**Exercise goal:** Exactly the lines from the beginning of the listing below through the line that contains "이용해 판별하는 것이다." should be transcribed, and pictures must stay out.

**Data shown:**
══════

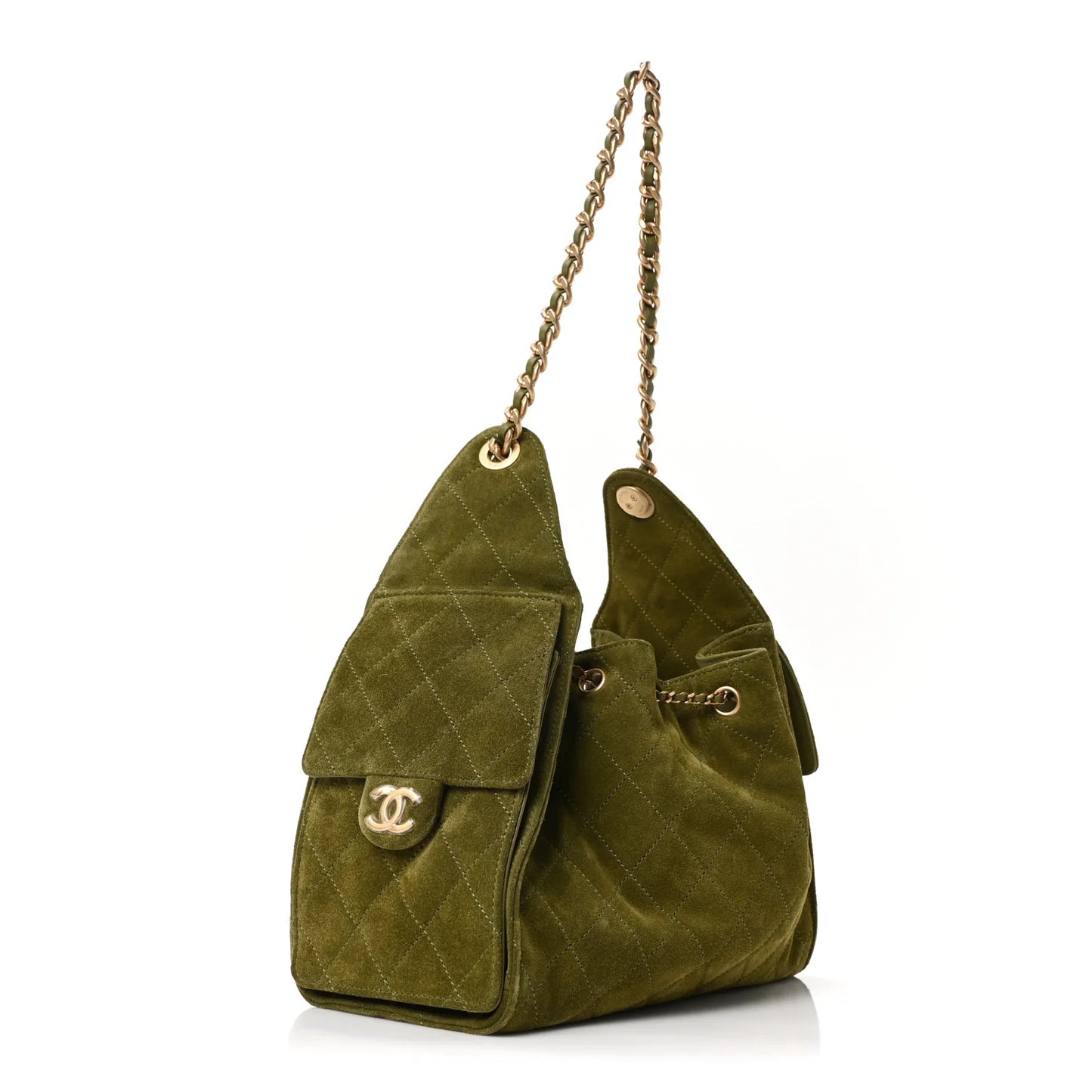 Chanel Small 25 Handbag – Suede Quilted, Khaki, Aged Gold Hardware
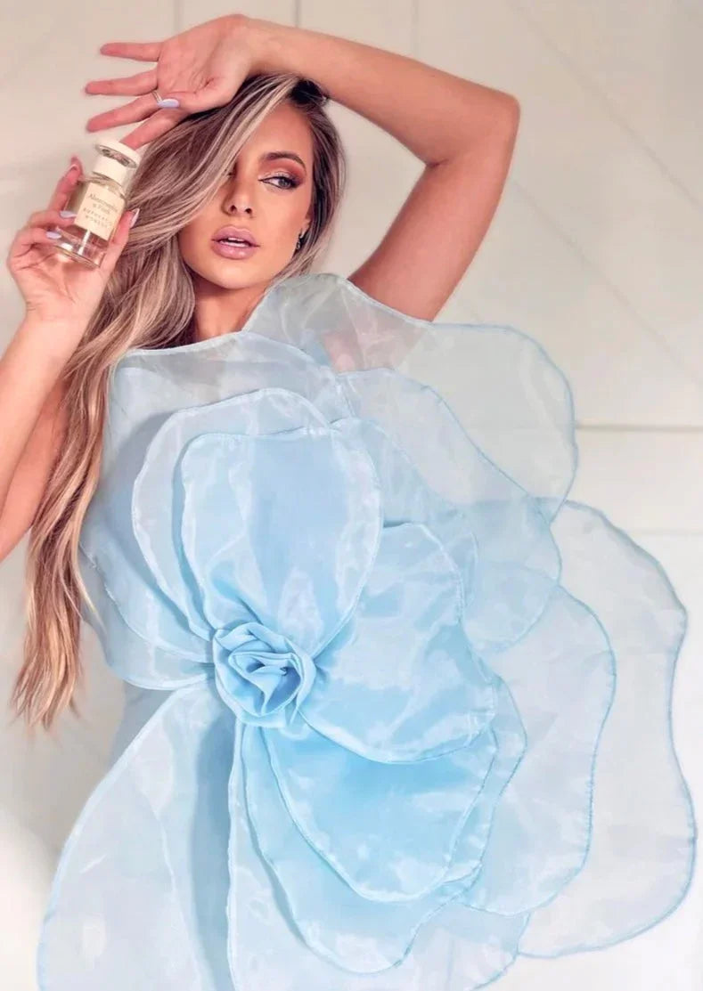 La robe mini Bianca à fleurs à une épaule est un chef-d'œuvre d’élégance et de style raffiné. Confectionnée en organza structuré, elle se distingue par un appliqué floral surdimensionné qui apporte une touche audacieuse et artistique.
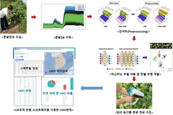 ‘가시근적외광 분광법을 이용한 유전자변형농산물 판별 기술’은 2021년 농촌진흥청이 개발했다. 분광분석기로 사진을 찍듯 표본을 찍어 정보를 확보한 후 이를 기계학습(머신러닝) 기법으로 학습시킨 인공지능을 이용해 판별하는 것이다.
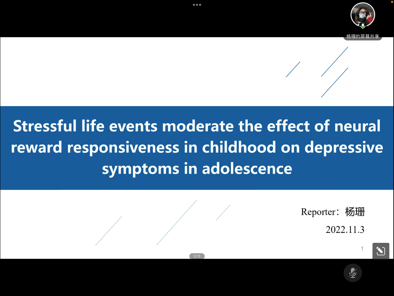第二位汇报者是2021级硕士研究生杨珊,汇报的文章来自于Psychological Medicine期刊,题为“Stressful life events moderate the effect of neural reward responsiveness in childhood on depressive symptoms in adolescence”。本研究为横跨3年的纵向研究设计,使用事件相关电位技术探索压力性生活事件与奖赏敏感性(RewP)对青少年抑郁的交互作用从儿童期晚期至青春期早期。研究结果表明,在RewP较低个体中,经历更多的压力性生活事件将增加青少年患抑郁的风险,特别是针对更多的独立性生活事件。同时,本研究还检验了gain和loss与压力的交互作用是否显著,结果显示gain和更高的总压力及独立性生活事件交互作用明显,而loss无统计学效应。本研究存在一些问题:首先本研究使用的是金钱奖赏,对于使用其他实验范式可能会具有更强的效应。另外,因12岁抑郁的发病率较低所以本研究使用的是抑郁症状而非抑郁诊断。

══════

**Finished task:**
 Chanel Small 25 Handbag – Suede Quilted, Khaki, Aged Gold Hardware
 La robe mini Bianca à fleurs à une épaule est un chef-d'œuvre d’élégance et de style raffiné. Confectionnée en organza structuré, elle se distingue par un appliqué floral surdimensionné qui apporte une touche audacieuse et artistique.
 ‘가시근적외광 분광법을 이용한 유전자변형농산물 판별 기술’은 2021년 농촌진흥청이 개발했다. 분광분석기로 사진을 찍듯 표본을 찍어 정보를 확보한 후 이를 기계학습(머신러닝) 기법으로 학습시킨 인공지능을 이용해 판별하는 것이다.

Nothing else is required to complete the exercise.